Last week’s US air operation in Somalia took the total number of strikes carried out in 2017 to a record 29, raising the possibility of an expansion in military operations outside of conventional battlefields under President Donald Trump.
Trump’s predecessor Barack Obama had already escalated strikes in Somalia to 14 a year, reflecting the growing number of attacks by al Shabaab insurgents.
However, since Trump came to office the rate of drone strikes in the East African country has doubled. This partly reflects new rules introduced by the Trump administration in March 2017 which exempted swathes of Somalia from restrictions on targeting procedures introduced by Obama in response to concerns about civilian casualties.

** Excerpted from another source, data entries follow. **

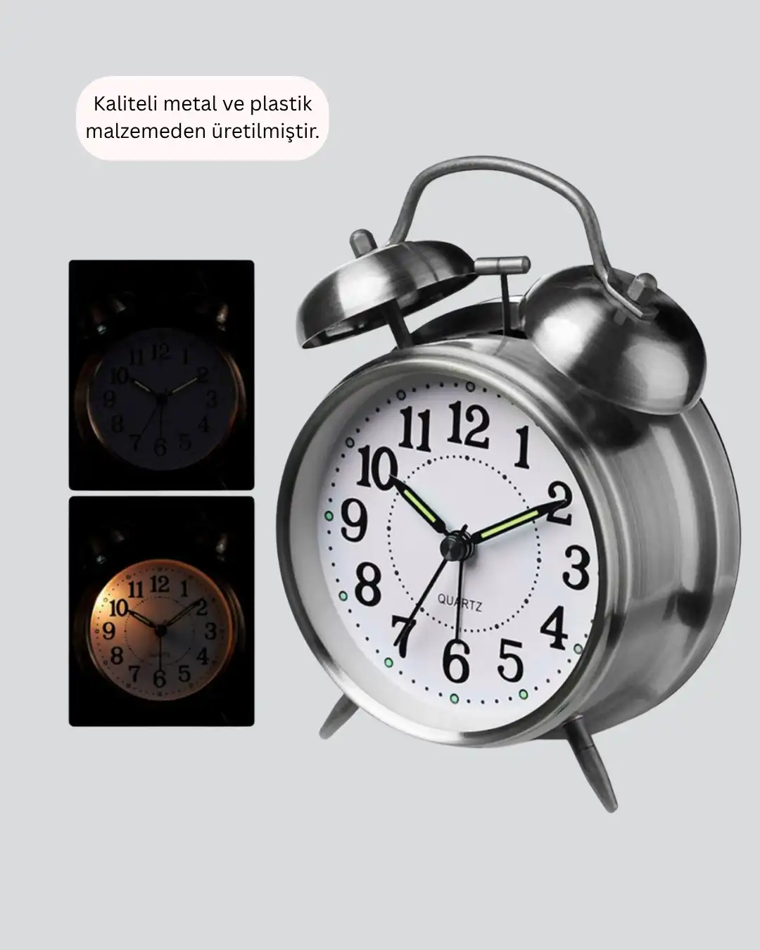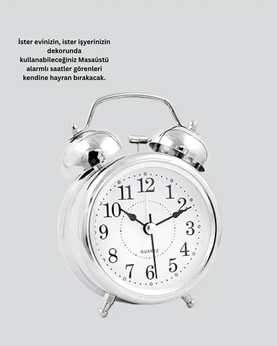Zamana şıklık katmak hiç bu kadar kolay olmamıştı! Dekoratif Yuvarlak Gümüş Işıklı Masa Üstü Saat, hem modern hem klasik çizgileriyle her yaşam alanına uyum sağlar. Yüksek kaliteli metal ve plastik malzeme kombinasyonu, ürüne dayanıklılık kazandırırken, parlak gümüş rengi dekoratif olarak göz alıcı bir görünüm sunar.Bu masa saati, yalnızca dekoratif bir obje değil, aynı zamanda güçlü alarm fonksiyonuna sahip işlevsel bir ürün olarak öne çıkar. Alarm sesi, ağır uykulu kullanıcıları bile kolayca uyandıracak güçtedir. Sabahları geç kalma derdine son verir! Ayrıca sessiz çalışan mekanizması, rahatsız edici tik-tak seslerini ortadan kaldırarak huzurlu bir uyku veya çalışma ortamı oluşturur.Işıklı ekran özelliği, karanlık ortamlarda bile saati net bir şekilde görmenizi sağlar. Gece başucunuzda hem zarif bir aksesuar hem de kullanışlı bir ışık kaynağı olarak görev yapar. Kompakt ölçüleri (12 x 9 x 5 cm) sayesinde fazla yer kaplamaz; komodin, masa veya raf üzerinde mükemmel bir duruş sergiler.1 adet AA pil ile çalışır (pil dahil değildir) ve enerji tasarrufu sağlayan yapısıyla uzun süreli kullanım sunar.İster evinizde, ister ofisinizde kullanın; bu saat bulunduğu ortama zarif bir hava katar.Ayrıca şık kutulu ambalajı sayesinde hediyelik olarak da ideal bir tercihtir. Yeni ev hediyesi, doğum günü ya da özel günlerde sevdiklerinize es ve kullanışlı bir sürpriz yapmak için mükemmel bir seçimdir.Görünümüyle dikkat çeken bu masa saati, zamana stil katan herkesin favorisi olacak!
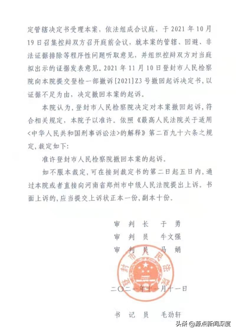 2021年11月12日,登封市检察院出具不起诉决定书称,该院认为刘华构成故意伤害罪、诈骗罪、敲诈勒索罪、强迫交易罪、寻衅滋事罪、非法倒卖土地使用权罪的证据不足,依照相关规定,决定对他不起诉。次日,登封市法院裁定准许登封市检察院撤回起诉,被羁押1535天的刘华获释回家。
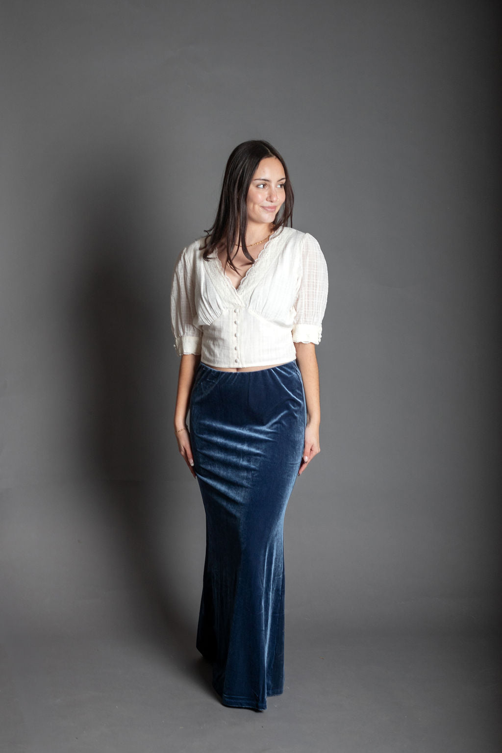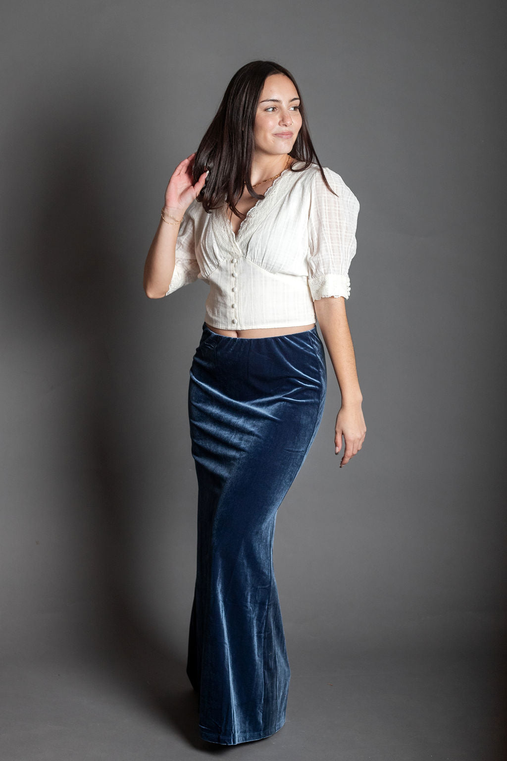 Slip into effortless elegance with our Lolita Dusty Blue Velvet Maxi Skirt. This luxurious pull-on style features sumptuous velvet fabric in a soft, muted dusty blue that pairs beautifully with everything in your closet. No zippers, no fuss—just smooth, comfortable wear from morning to night. The flowing maxi silhouette creates a romantic, twirl-worthy look that's perfect for date nights, special occasions, or whenever you want to feel absolutely fabulous. Velvet never goes out of style, and neither will you in this dreamy piece.
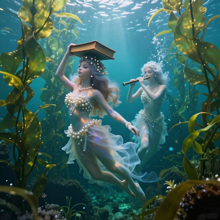 Imagine an enchanting underwater realm where ethereal beings gracefully navigate through verdant kelp forests in a style reminiscent of magical realism. One of these creatures, adorned with luminous pearl accessories, carefully carries an antique tome upon her head as another serenades the surroundings with a haunting melody from a seashell flute. The water shimmers with iridescent colors, casting mesmerizing patterns on their glistening forms as they harmoniously dance with the flowing currents. This captivating scene should evoke feelings of wonder and tranquility, beckoning viewers into an alluring world where fantasy seamlessly merges with nature's beauty.
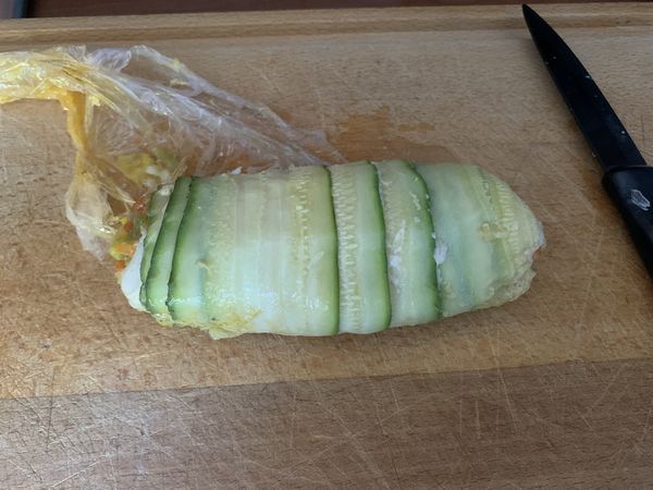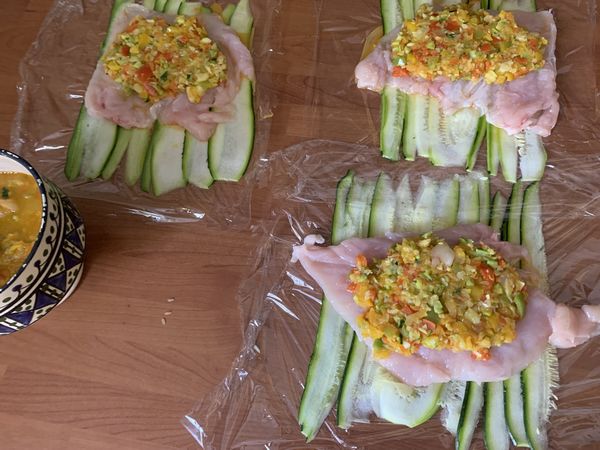 - Lorsque la farce est prête; la disposer sur vos filets de poulet (enlever l’eau rendue des poivrons à l’aide d’un écumoire), enrouler le film alimentaire tout en le maintenant bien serré, et fermer les bords .
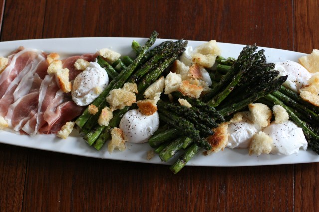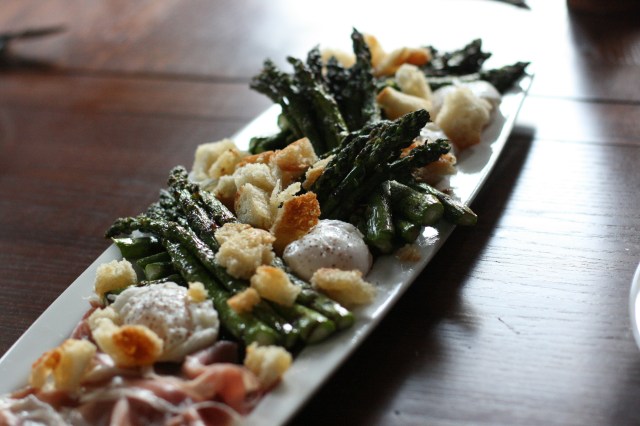 Grilled Asparagus with prosciutto, fried bread, poached egg, and aged balsamic vinegar
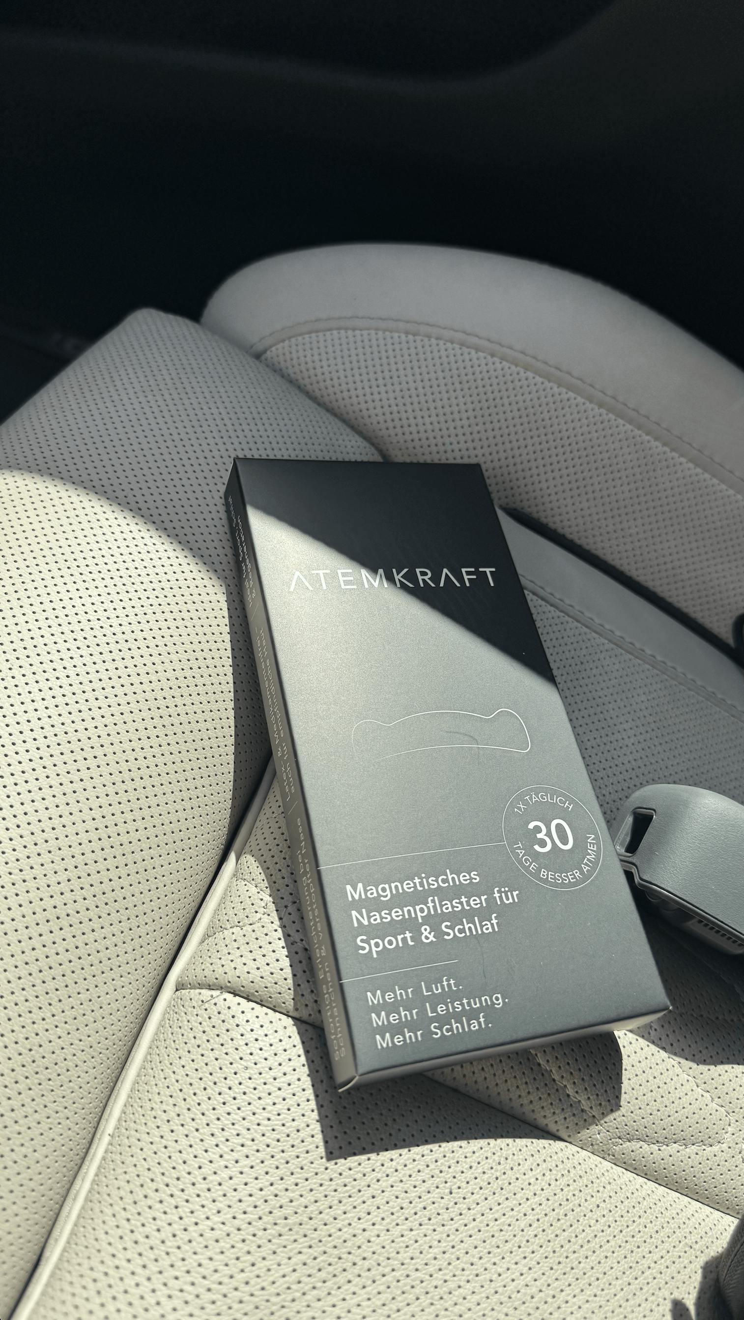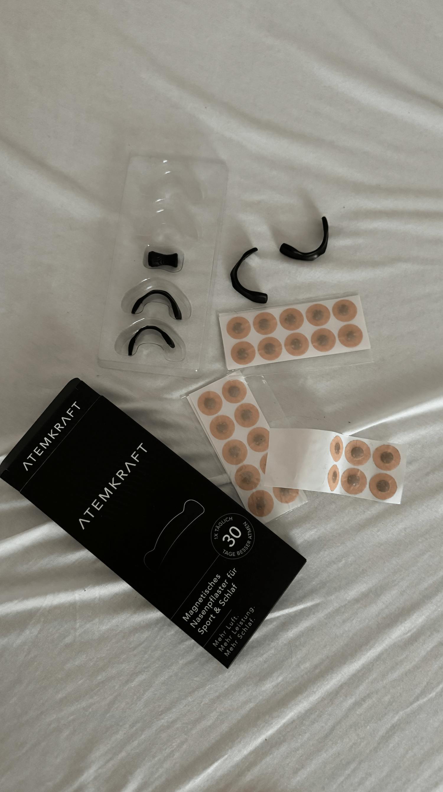 Der Kleber wurde speziell für empfindliche Haut entwickelt – er hält sicher, auch bei Bewegung, Schweiß oder über Nacht. Gleichzeitig lässt er sich rückstandslos und hautschonend entfernen. Der Magnetbügel rastet präzise ein und bleibt stabil an Ort und Stelle – ohne zu verrutschen. Egal ob beim Training, Schlafen oder im Alltag: AtemKraft sitzt, ohne zu nerven.
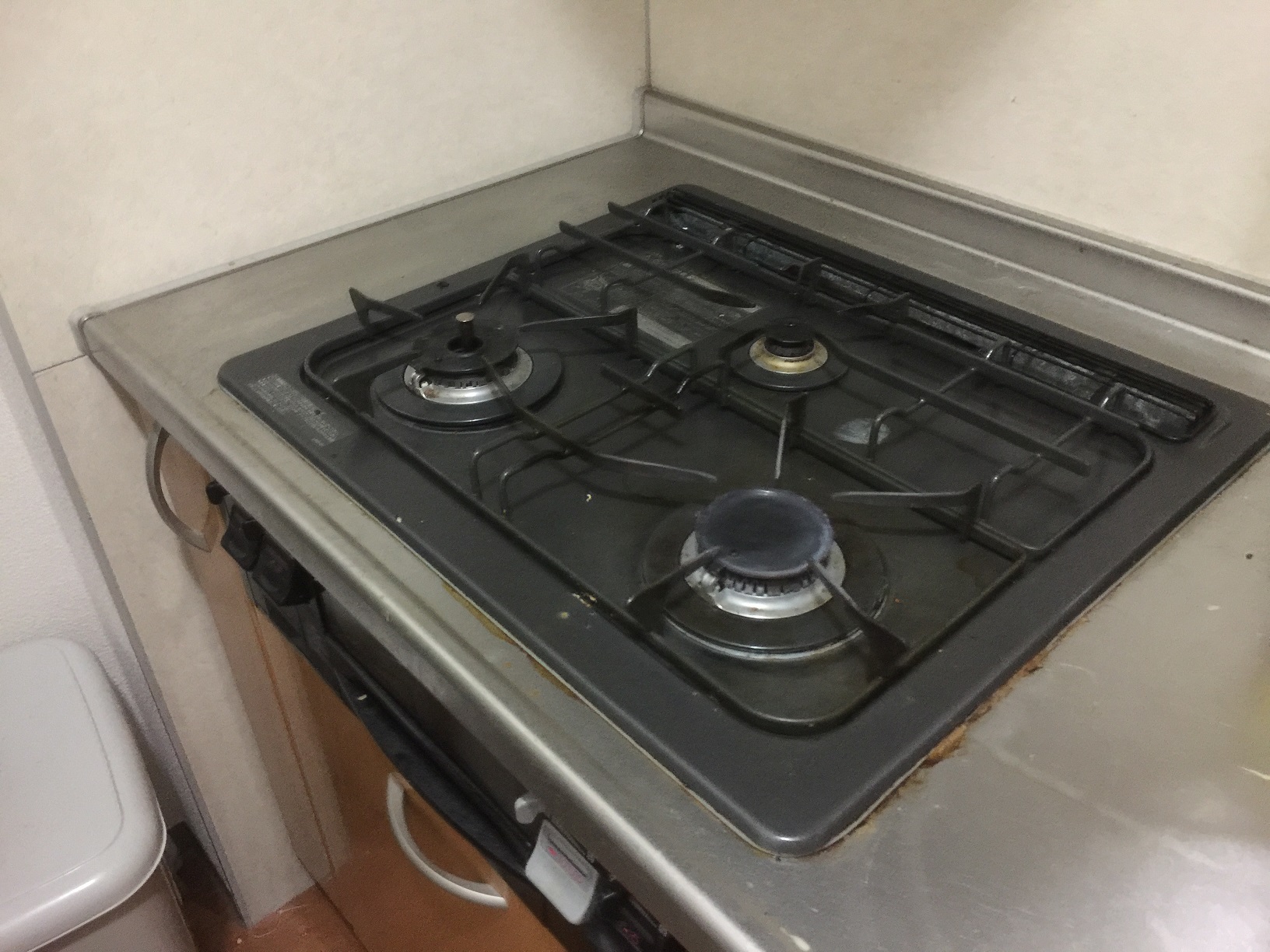 ずっと使い続けていたビルトインコンロです。 コンロの周りに付いた汚れが少し気になりますね。
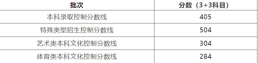 本科录取控制分数线 405分
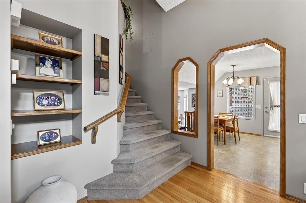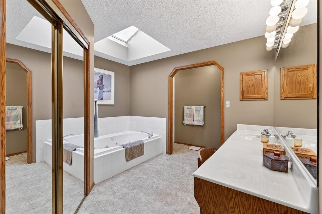 Welcome to Douglasdale! This beautiful 2 Storey Split home has been lovingly cared for and maintained by its original owner. Located in a quiet area of this sought after family community and offers a quiet setting close to Fish Creek Park, Bow River Pathways and Eaglequest Golf Course. Several amenities such as schools, parks, playgrounds and shopping nearby as well as easy access to Deerfoot for a quick commute. Inside, you’ll love this floorplan built by the reputable Jager Homes. It offers character that’s hard to find in today’s housing choices. The open concept and large windows throughout offer an abundance of natural light. Upon entering you’ll notice the spacious feel from vaulted ceilings on the main floor. The traditional kitchen features granite counters, oak cabinets and a corner pantry. The breakfast nook overlooks the huge pie shaped yard. Relax in the glass enclosed sunroom that provides extra living space and views of the mature landscaping and patio. Family room with cozy wood burning fireplace, 2pc bath and full laundry room complete the main floor. Upstairs you’ll find 3 spacious bedrooms including the huge primary suite with 10ft ceilings, full ensuite with soaker tub, separate shower, skylight and walk-in closet. You don’t see a master retreat like this very often! The basement level has a large recreation room with built-in bar. The huge workshop area can easily be developed as a 4th bedroom with bathroom, home gym, office…there’s plenty of space! Next you’ll find an oversized storage area that leads to the utility room. The double attached garage is fully finished and heated as well. Don’t miss out on this opportunity to own in this well established community. Amazing value here! Book your showing today!
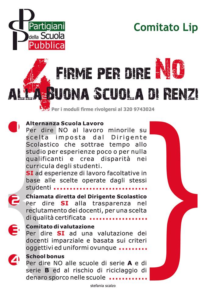 Una riforma che legittima gli abusi di potere dei dirigenti nel reclutamento clientelare e arbitrario degli insegnanti, cancella le graduatorie dei punteggi dei docenti, garanzia di trasparenza e legalità, sfrutta gli studenti liceali con l’alternanza scuola-lavoro obbligatoria al mattino, quindi in orari in cui invece si dovrebbe studiare e favorisce la privatizzazione della Scuola di stato.
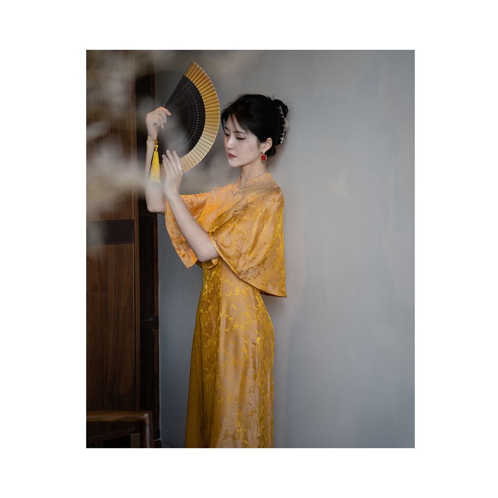 color classification | Fallen leaf yellow in stock, premium black in stock, red in stock, Fallen leaf yellow pre-sale, premium black pre-sale, red pre-sale, Fallen leaf yellow cheongsam shawl two-piece set in stock, red cheongsam shawl two-piece set in stock |
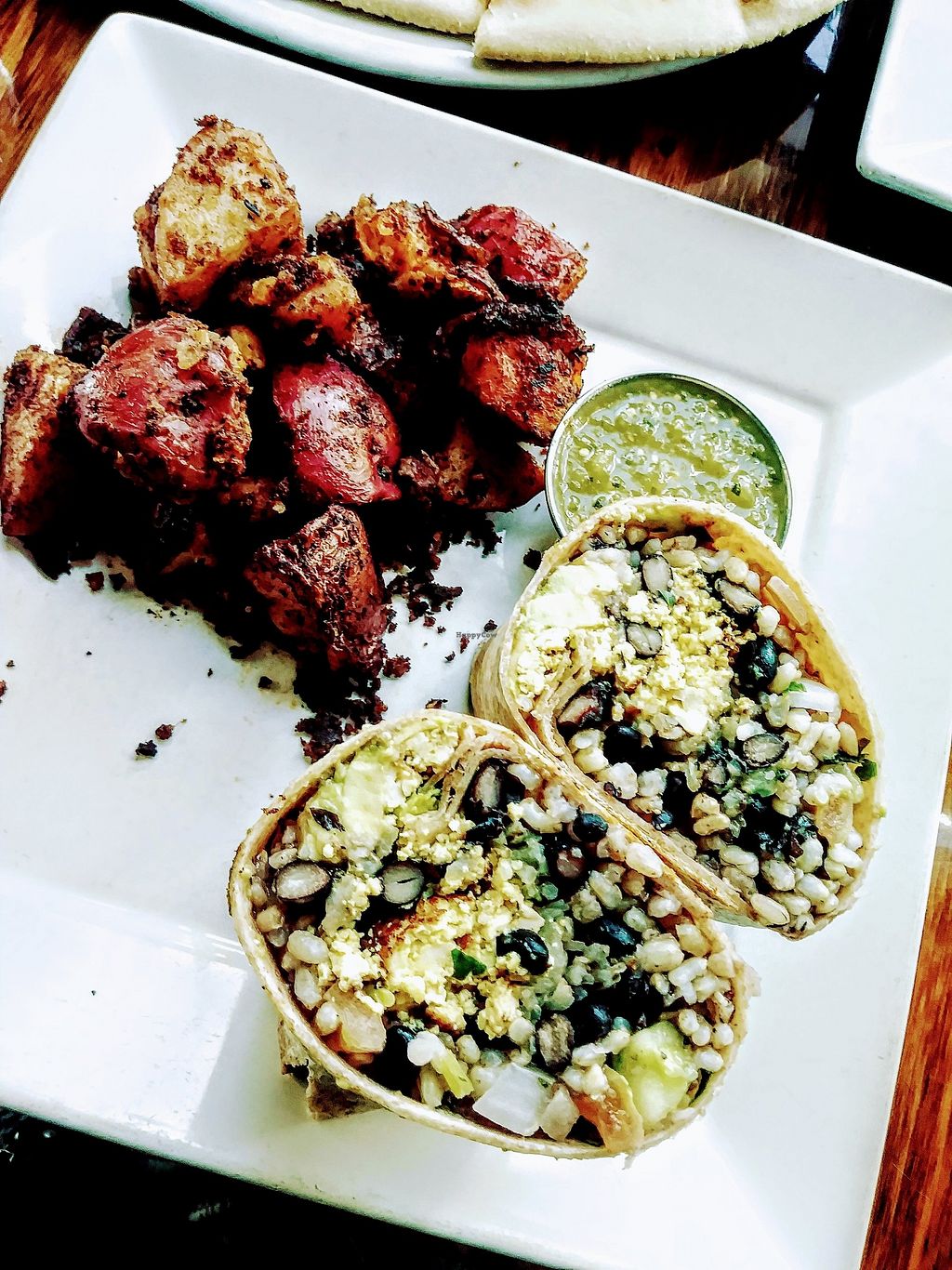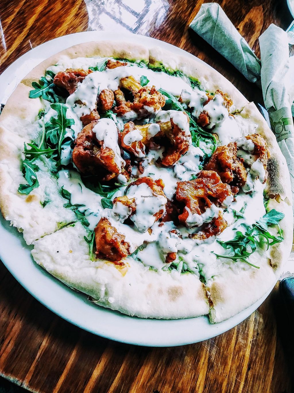 We were a large group and all enjoyed meals. Cauliflower is hyped. They are good. Worth a try. Pesto burger (which is a tempeh patty) was very good. Fries were great. Others enjoyed lasagne, eggplant farmasan, orange chick-un. The icea cream was also very good. Was there with 5 non-vegans who discussed trying the other branches since they liked this one.
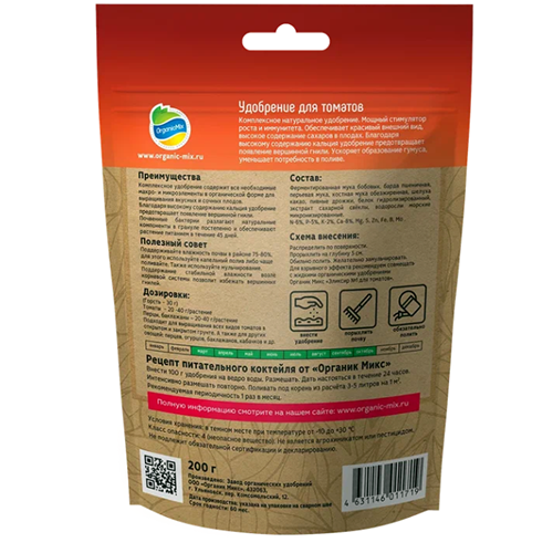 Комплексное 100% органическое удобрение для выращивания крупных сочных томатов.

In 2013, Obama brought in measures that meant that strikes in areas that were not active warzones – places like Pakistan and Yemen – had to go through an elaborate sign-off process with the White House.
The Trump administration effectively side-stepped the restrictions by declaring parts of Somalia and Yemen to be areas of “active hostilities”.
This does not necessarily mean that Obama-era measures designed to protect civilians from harm have been thrown out of the window.
General Thomas Waldhauser, the man in charge of US military operations throughout Africa, told journalists at the time that though he now had leeway to order strikes without clearing it with the White House, he would be retaining the criteria introduced by Obama that a strike could only happen if there was a near-certainty that no civilians would be harmed.
But the change of rules does seem to have paved the way for greater US military activity in Somalia, the consequences of which are unclear.
The US’s counterterrorism activities in Africa have traditionally been a fraction of those in other parts of the world. Even the record number of strikes launched in Somalia this year amounts to less than a quarter of the number to hit Yemen.
But the US’s involvement appears to be gradually deepening, and not just through air strikes.
The US has around 500 soldiers stationed in Somalia, including special forces advisers that accompany Somali troops and Amisom – the African Union mission in Somalia – on operations. On several occasions this year, the US has been compelled to provide them with close air support when they have come under attack from al Shabaab insurgents.
There is also a coordination cell in Mogadishu staffed by American officers who coordinate operations with Somali and Amisom commanders. US drones and jets are based in Djibouti to the north of Somalia, where Africom runs its operations across East Africa.
It is hard to say how extensive the US’s operational activity on the ground is and whether or not it is increasing. Officials won’t say how often US forces have carried out “partnered ground operations” this year, though will confirm US involvement when questioned about individual incidents. In addition to the four partnered ground operations that needed air support, three others have come to light in 2017. Two proved controversial: they caused either American or civilian casualties.
On 25 August 10 civilians were reportedly killed in a US-Somali operation in Bariire, southern Somalia. Villagers had spotted they were under surveillance had told the Somali military that they were civilians and there was no Shabaab there, fearing an assault.
On 5 May a US Navy Seal died in an operation against al Shabaab. The SEALs and their SNA partners were flown in by helicopter, but came under fire “in the early phase of the mission” after landing near an al Shabaab compound, the target of the mission. Senior Chief Special Warfare Operator Kyle Milliken was killed in the ambush.
The increased US military activity in Somalia, of course, does not occur in a vacuum – al Shabaab have launched bold and ruthless attacks over the course of the year. 10 of this year’s 29 strikes have been carried out since 14 October when an al Shabaab bomber detonated a truck bomb on at a busy intersection in Mogadishu, killing more than 350 people and wounding as many more.
Somali officials have connected the increase in air attacks with the October suicide bombing, though the US command in Africa would not confirm this.